"Paul Levinson's It's Real Life is a page-turning exploration into that multiverse known as rock and roll. But it is much more than a marvelous adventure narrated by a master storyteller...it is also an exquisite meditation on the very nature of alternate history." -- Jack Dann, The Fiction Writer's Guide to Alternate History

Sunday, February 4, 2024

The Greatest Night in Pop: The Making of 'We Are the World'



There's almost nothing as satisfying on the screen as seeing a documentary that shows you how something else you saw and on the screen and loved was put together.  The Greatest Night in Pop does that with the 1985 video and recording, "We Are the World".  In part because our family was just getting started, in part because we cared about feeding people in need of food, in part because we were fans of so many of the artists who made that music, the video has been among my wife's and my favorites since the day we first saw it in March 1985.  It still brings tears to our eyes.  As did The Greatest Night in Pop documentary, many times.

As we were watching it on Netflix the other night, I realized what an important kind of new video and recording the 1985 performance brought into being.  Not a concert of great artists, but a single song performed by great artists.  The performance of George Harrison's "As My Guitar Gently Weeps" in the 2004 Rock 'n' Roll Hall of Fame inductions with Tom Petty, Stevie Winwood, and Prince (who delivers the best guitar playing I've ever seen) is even better than the Beatles' original recording, and owes a debt of gratitude to the way "We Are the World" brought together more than two score of artists nearly two decades earlier to make such eternal music.

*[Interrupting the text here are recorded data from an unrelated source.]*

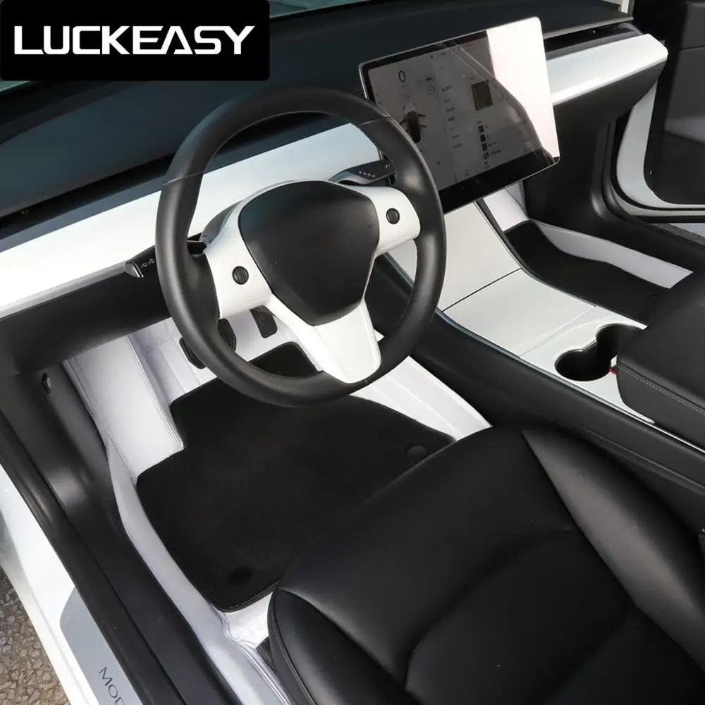 Luckeasy For Tesla Model 3 17 Car Microfiber Leather Floor Mats White Car Accessories Interior 3pcs Set Floor Mats Aliexpress
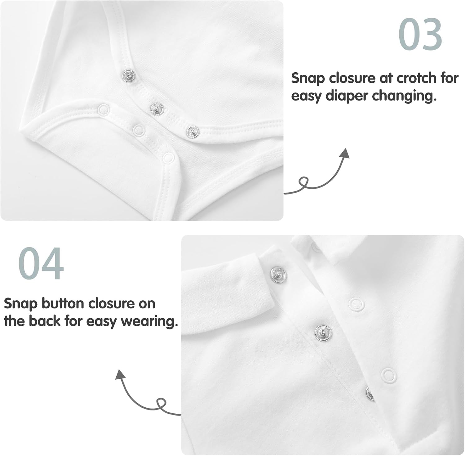 - QUICK WEARING & DIAPER CHANGING - Snap closure ensures easy wearing. 3 snaps at bottom make diaper changing hassle-free
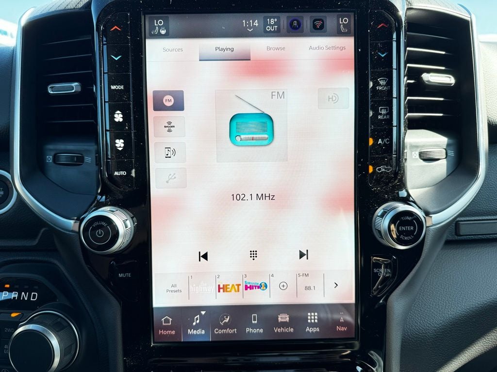 The Granite Crystal Metallic Clear-Coat exterior gives this Big Horn a sophisticated and durable finish that stands out in any environment. The available Night Edition package adds extra flair with body-color bumpers, accent-color premium power mirrors, and distinctive styling elements that complement the trucks bold stance. Twenty-inch aluminum wheels and all-season tires provide a confident look and surefooted performance, while practical upgrades like the trailer brake controller make towing safer and more precise.
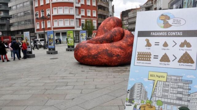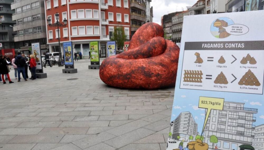 Un hinchable gigante con forma de excremento preside esta semana una de las principales plazas de la ciudad, la Plaza de Galicia. Las bromas no han tardado en llegar, hay quien se saca fotos y quien se queda mirando, pero desde luego nadie pasa de largo.
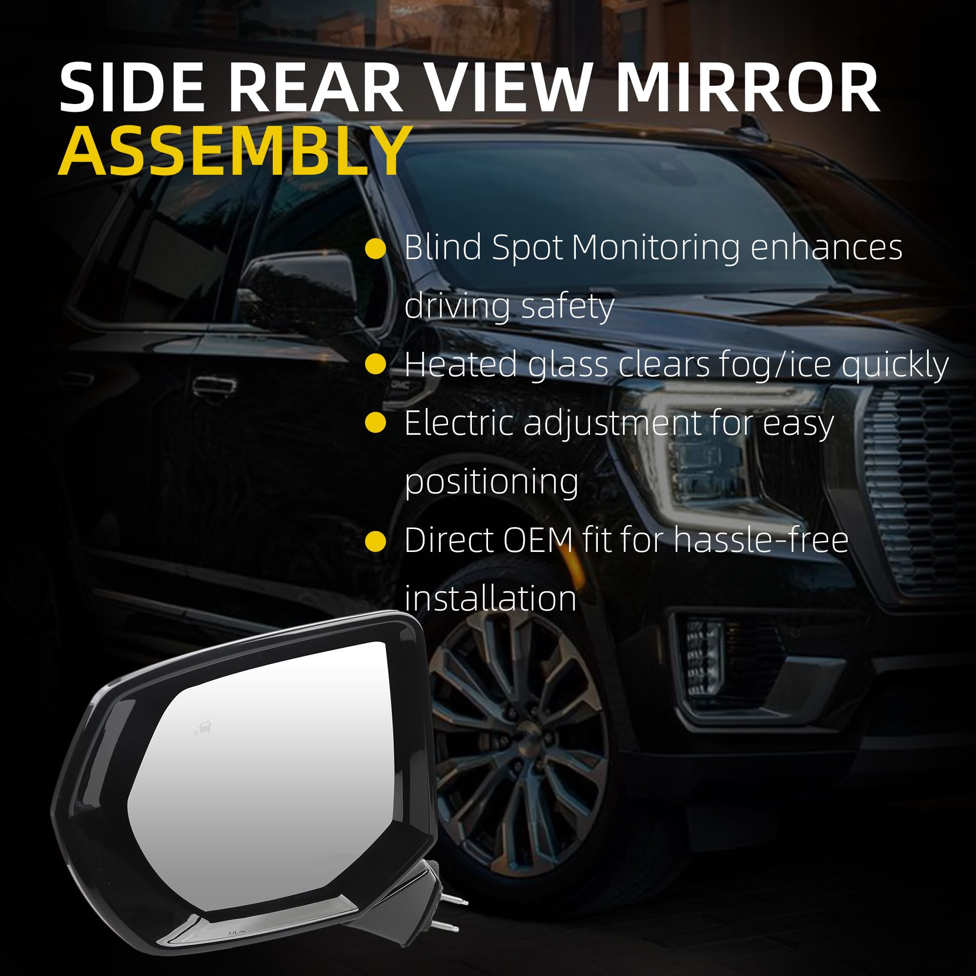 Fitment: This outside rear view mirror is compatible with Chevrolet Suburban/Tahoe 2021-2024, GMC Yukon/Yukon XL 2021-2024.
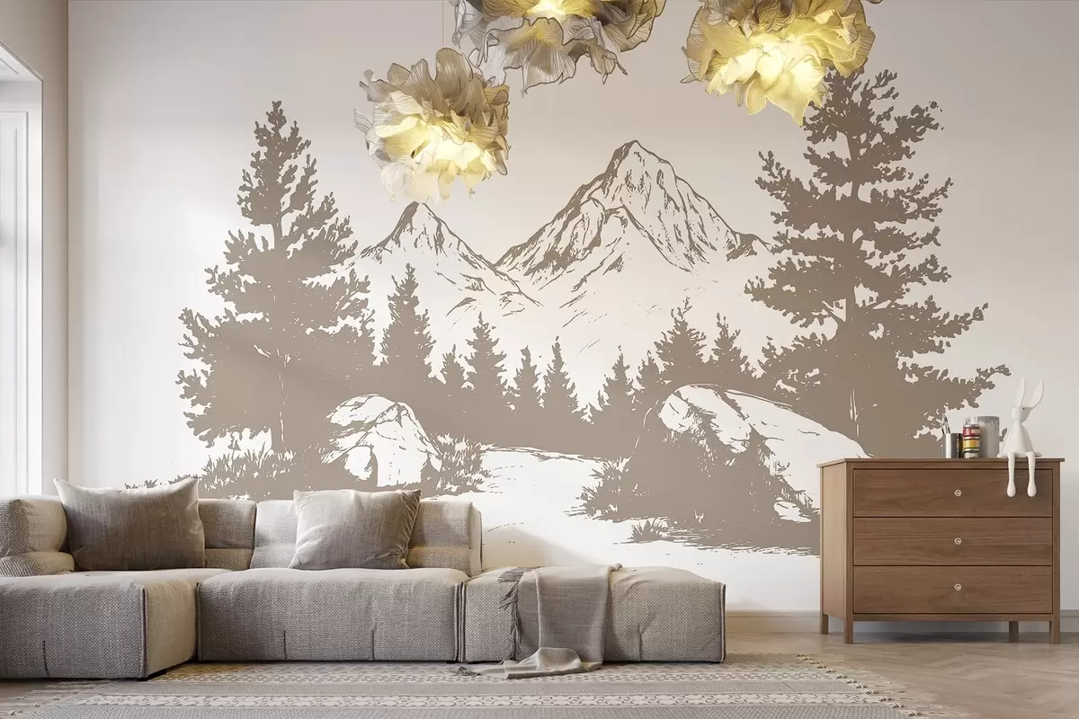 Fototapety Alpy, hory s lesom, lineárna kresba, béžová farba Nr. w03342
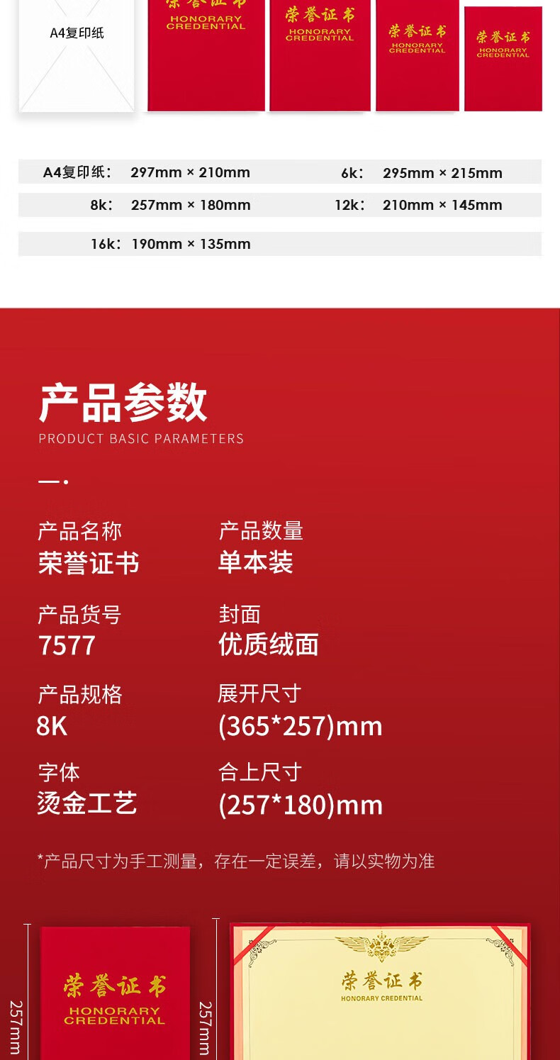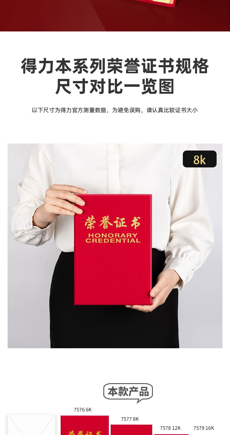 得力(deli) 聘书 绒面聘用书 绒布烫金任命书 聘任书委任状荣誉证书内芯 6K荣誉证书(295*210mm) 7576 单位:本

Prince didn't make it to that recording, though he was very much desired, and The Greatest Night in Pop tells us at least a part of that story.  It also shows how Dylan, not really getting how he fit in the recording, sung his part perfectly after Stevie Wonder did a good mimic of Dylan singing like Dylan had in his heyday in the 1960s.  Cyndi Lauper, understandably nervous in the company of such greats, belts out a great line and ends with a "yeah, yeah, yeah".  She wonders if that was ok and is assured by Quincy Jones that it was just right.  The key of the song was of course right for some of the singers but not for everyone.  Bruce Springsteen, coming to the recording session with a hoarse voice just after a tour, sounds like he has "broken glass" in his throat, as someone remarks.  But it's just right for the subject of the recording.  Michael Jackson, who co-wrote the song with Lionel Richie, wants to add a "sha-la-la" to the chorus.  Smokey Robinson tells us in current time, when the documentary was recorded, how he had lots of experience working with Michael Jackson at Motown, and we see him walk up to Jackson in the "We Are the World" recording studio and talk him out of the "sha-la-la".  Diana Ross says how much she loved Daryl Hall's singing.  Who knew?

The Greatest Night in Pop is a treasure-trove of such nuggets of musical history.  I expect my wife and I will be watching it a lot more than once.